Hillary Clinton will not be the first woman President. But Americans are ready to elect one: despite the real misogyny that Clinton faced, this was a close election. And they should do it soon. (As Margaret Talbot notes, when it comes to women’s issues, Ivanka is not the answer.) Here is a list of potential candidates to get started. But the premise—that there is room for a woman who isn’t one of the very few that party leaders and commentators think of as “ready”—means that there are a lot of names missing from it. Send them in.
1. Amy Klobuchar, senior senator from Minnesota. Popular, practical, appealing, progressive—picture her, for a moment, on a debate stage with Donald Trump, cheerfully taking him down. Why shouldn’t she beat him? Klobuchar has been in the Senate since 2006. When a Minnesota television station asked her, just after the election, if she might consider running in 2020, she said, “We just got through a Presidential race, and I love my job and what I do now, and more than ever we need people in the Senate that can work across the aisle.” We might need people like Klobuchar in the White House even more.

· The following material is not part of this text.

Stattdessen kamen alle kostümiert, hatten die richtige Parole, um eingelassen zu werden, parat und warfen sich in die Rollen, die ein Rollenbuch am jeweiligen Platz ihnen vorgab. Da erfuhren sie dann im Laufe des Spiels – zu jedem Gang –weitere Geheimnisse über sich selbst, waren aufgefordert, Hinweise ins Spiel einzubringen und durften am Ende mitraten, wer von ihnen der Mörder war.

2. Elizabeth Warren, senior senator from Massachusetts. She’s already won some Twitter wars with Trump, whom she can rival as a communicator. And she knows something that a lot of Democrats, it seems, don’t: where she wants the Party to go. The drawback to a Warren candidacy is that it could lead Democrats to wallow in the what-ifs of 2016, when there was a push among progressives for her to run, rather than focus on the possibilities of 2020.
3. Tulsi Gabbard, U.S. representative from Hawaii, combat veteran. She resigned her position on the Democratic National Committee to endorse and campaign for Bernie Sanders, whose name she placed into nomination at the Party’s Convention. (At thirty-five, she is less than half Sanders’s age.) She would come into the race with the good will of his supporters. She is the first Hindu member of Congress, could she also be the first Hindu President? Maybe it’s worth finding out; that’s what primaries are for. She was one of the few people who came out of the Podesta e-mail hacking looking reasonably well, thanks to messages from Democratic donors about their clumsy attempts to punish her for backing Sanders. For a sense of her untranslatable poise, watch the video, below, that she made for Sanders ahead of the Hawaii primary, which he won.

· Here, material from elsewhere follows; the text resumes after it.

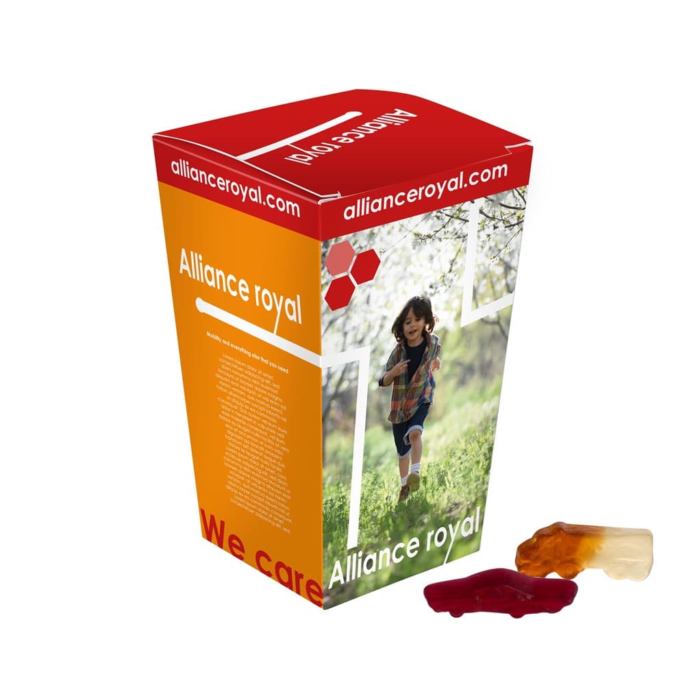 Full colour bedrukt doosje voor in de autobekerhouder, gevuld met ca. 170 gram Autodrop

4. Kamala Harris, attorney general and senator-elect from California. She is charismatic and deserves credit for some of Clinton’s popular-vote margin, which was largely racked up in California, where people came out for the Senate race. As a state attorney general, she confronted financial institutions. That won’t hurt in 2020.

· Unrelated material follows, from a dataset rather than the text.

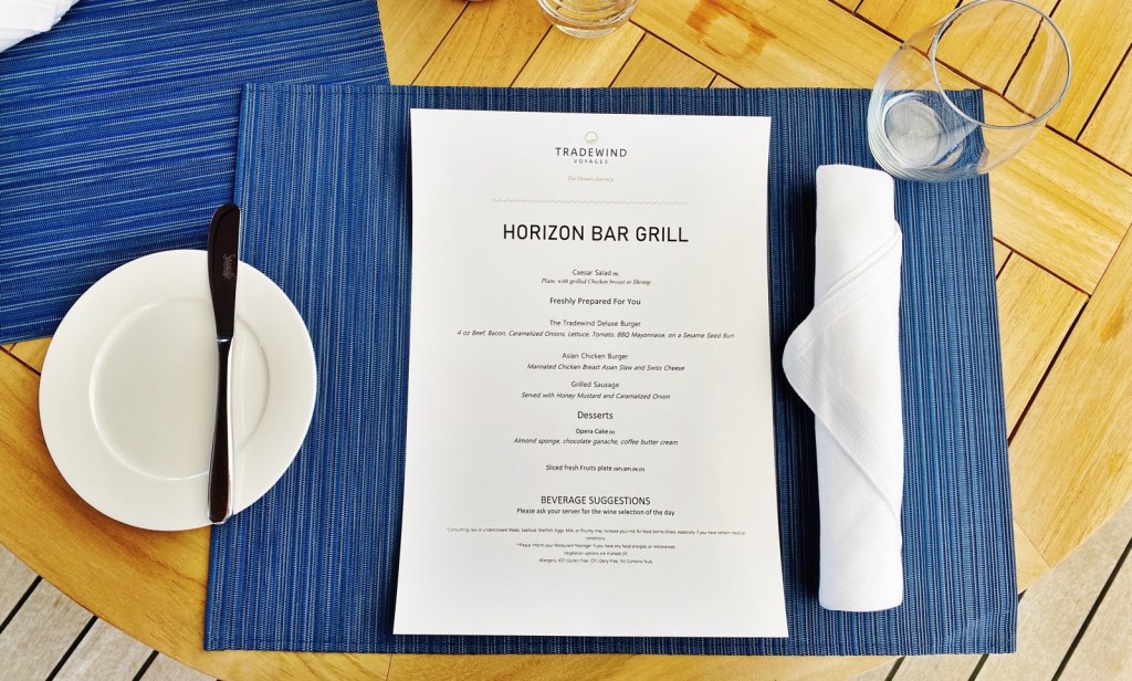 From the piano bar there were swing doors out to the Horizon Grill Bar. We spent a lot of our cruise in the Horizon Grill bar. A lovely area with ample seating, a mix of high fixed stools around high tables and normal height tables with comfortable cushioned wooden deck chairs. Lunch and Dinner could be eaten in the Horizon Grill. The menu was slightly more casual dining than the dining room menu, equally as delicious. The menu in the Grill didnt change over the course of the cruise. In the evening the menu was, it may come as no surprise, that of a grill, Grilled Chicken, Fish and Steak were offered. We took a few lunches outside in the Horizon Grill, mainly because we could sit down there with our swimwear cover ups and not need to go inside to change for lunch.

5. Claire McCaskill, senior senator from Missouri. She has won election in a red state twice—in 2012, by beating Todd Akin in a race that gained national attention because of his outrageous comments about women, “legitimate rape,” and abortion. One benefit of a McCaskill candidacy would be her willingness to mix it up. She has also been criticized for tweeting a bit too much and too adeptly—but is that a minus or a plus?
6. Sheryl Sandberg, Facebook’s chief operating officer. Sandberg is ambitious and talented and a far better businessperson than Donald Trump. (She helped build Google; she could also help fund her own campaign.) And she also has some public-service experience, in the Treasury Department, where she worked with Lawrence Summers. She could lean in on the debate stage. Sandberg supported Clinton in the Presidential election, and, when Democrats were assembling a Clinton Cabinet of the mind, she was mentioned as a possibility for Commerce or the Treasury. Maybe it’s time for her to start thinking about her own Cabinet picks.
7. Kirsten Gillibrand, junior senator from New York. She is just a couple of steps behind Hillary Clinton, in terms of her relations with leading members of the Party establishment. She’s sometimes said to want the big job a little too much—but let’s throw that thinking right out. An ambitious woman who sees a path forward for herself is a good, good thing. Gillibrand has also been exemplary in her efforts to get women to run at all levels of public office. Coming from New York, where there is some money to be found, won’t hurt.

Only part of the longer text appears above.